VCF Utilities

treetime.vcf_utils.read_vcf(vcf_file, ref_file=None)[source]

Reads in a vcf/vcf.gz file and associated reference sequence fasta (to which the VCF file is mapped).

Parses mutations, insertions, and deletions and stores them in a nested dict, see ‘returns’ for the dict structure.

Calls with heterozygous values 0/1, 0/2, etc and no-calls (./.) are replaced with Ns at the associated sites.

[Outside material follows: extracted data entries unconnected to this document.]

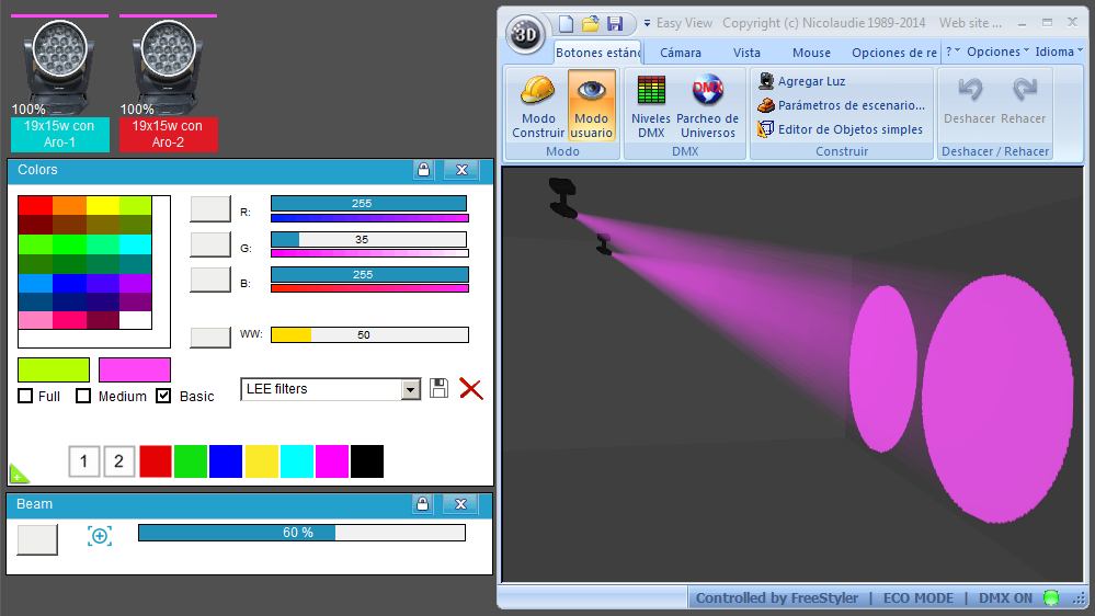 Esta Librería SSL2 está optimizada para trabajar con Magic 3d Easy View. Es decir para ver una representación 3D de las secuencias que estemos realizando con Freestyler, QLC+ o cualquier otro soft que se conecte con Magic 3d.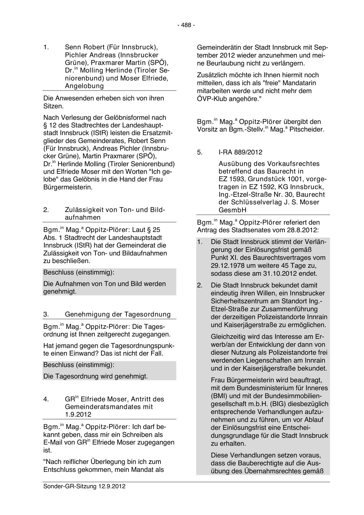 § 12 des Stadtrechtes der Landeshauptstadt Innsbruck (IStR) leisten die Ersatzmitglieder des Gemeinderates, Robert Senn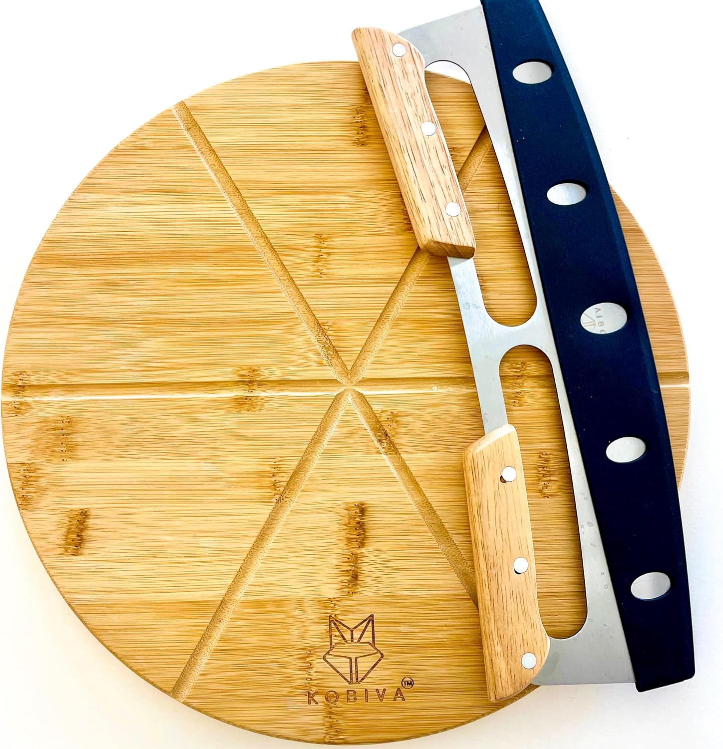 - [DOUBLE-GRIP] - Unlike other Pizza Board Knife sets, Kobiva's matching wooden ergonomic "double-grip" rocker pizza cutter knife is designed for effortless use on our grooved bamboo pizza board, it glides smoothly through thick crusts for perfect slices every time with maximum precision.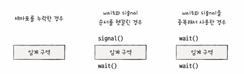 ์ธ๋งํฌ์ด๋ ์ฌ์ฉํ๊ธฐ ๋ถํธํ ๋ฉด์ด ์์ต๋๋ค. ๋งค๋ฒ ์๊ณ ์์ญ ์๋ค๋ก ์ผ์ผ์ด wait๊ณผ signal ํจ์๋ฅผ ๋ช ์ํด์ผ ํ๊ณ ์๋ชป๋ ์ฝ๋๋ก ์๊ธฐ์น ๋ชปํ ๊ฒฐ๊ณผ๋ฅผ ์ป์ ์๋ ์์ต๋๋ค.

Positions are stored to correspond the location in the reference sequence in Python (numbering is transformed to start at 0)

Parameters:
  • vcf_file (string) – Path to the vcf or vcf.gz file to be read in

  • ref_file (string, optional) – Path to the fasta reference file to be read in

Returns:

compress_seq

In the format:

{
'reference':'AGCTCGA..A',
'sequences': { 'seq1':{4:'A', 7:'-'}, 'seq2':{100:'C'} },
'insertions': { 'seq1':{4:'ATT'}, 'seq3':{1:'TT', 10:'CAG'} },
'positions': [1,4,7,10,100...]
}
referencesstring

String of the reference sequence read from the Fasta, to which the variable sites are mapped

sequencesnested dict

Dict containing sequence names as keys which map to dicts that have position as key and the single-base mutation (or deletion) as values

insertionsnested dict

Dict in the same format as the above, which stores insertions and their locations. The first base of the insertion is the same as whatever is currently in that position (Ref if no mutation, mutation in ‘sequences’ otherwise), so the current base can be directly replaced by the bases held here.

positionslist

Python list of all positions with a mutation, insertion, or deletion.

Return type:

nested dict

treetime.vcf_utils.write_vcf(tree_dict, file_name)[source]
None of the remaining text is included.